To put all this in simple terms, the absence of a comprehensive solution to the eurozone's woes is progressively poisoning the German balance sheet: on the "are-what-you-eat" principle, Germany is gradually turning into Italy and Spain, in a fiscal sense.

So the status quo is arguably becoming less and less sustainable for Germany.

That leaves only two options: the pronounced economic, financial and political shock (ahem) of breaking up the eurozone; or the pronounced economic, financial and political challenge (ahem) of merging the balance sheets of eurozone members in a full-scale fiscal and banking union, which would look quite a lot like the creation of a United States of Europe.

To return to Moody's for a second, it is difficult to see Germany retaining its AAA rating in the immediate aftermath of a eurozone breakup or in the transition phase to a United States of Europe - though it might well get the AAA back in both cases, in time.

In a dismantling of the eurozone, the losses on German credit extended to weaker eurozone economies would be huge, while German industry and employment would be hurt both by a rise in the value of a new German currency and by an inevitable recession in much of Europe.

As for the creation of a eurozone federation, during the implementation phase the perceived strain on German public finances would increase.
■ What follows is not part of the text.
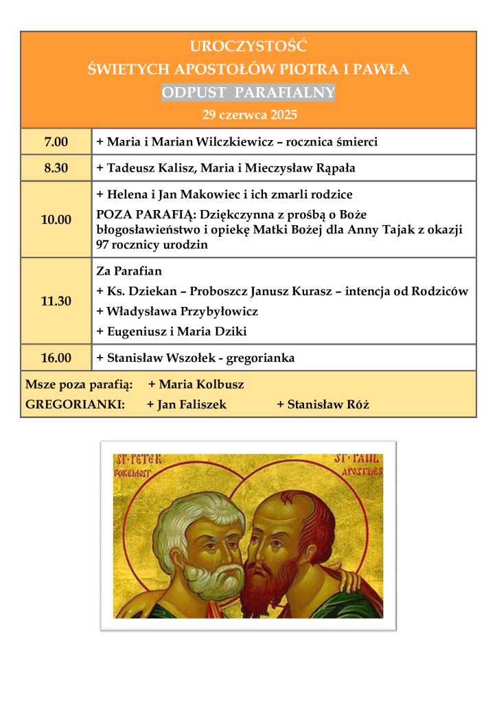Ogłoszenia parafialne – Uroczystość Świętych Apostołów Piotra i Pawła – 29.06.2025 r.

But here is the thing, at the moment that the eurozone was perceived as a credible single entity, for fiscal and monetary purposes, the whole region might enjoy AAA status - so long as, in these circumstances, the European Central Bank was put in the same position as the US Federal Reserve, Japan's central bank and the Bank of England, that is able to be the buyer of last resort of eurozone sovereign debt.

A combination of credible controls on eurozone-wide spending, taxing and borrowing, with a central bank endowed with the ability to stand in for the market when the market won't lend to governments, would allow the eurozone's public finances to be compared directly with those of the US and the UK.

The point, as many of you will know, is that seen as a single entity the deficit of the eurozone is smaller than that of the US and UK. And eurozone gross debt as a percentage of GDP is less than that of the US - which still has AAA from most rating agencies - and is comparable with that of the UK, which retains AAA from all agencies (of course, whether the UK will keep AAA is moot).

To put it in more practical terms, a monetarily and fiscally integrated eurozone should be able to borrow as cheaply and easily as the other major developed economies, namely the UK, US and Japan.

There is only one snag. For the people of Europe, would the financial benefits of this kind of federation outweigh the perceived erosion of their control over the destinies of their respective nations?

That is the European question of our age.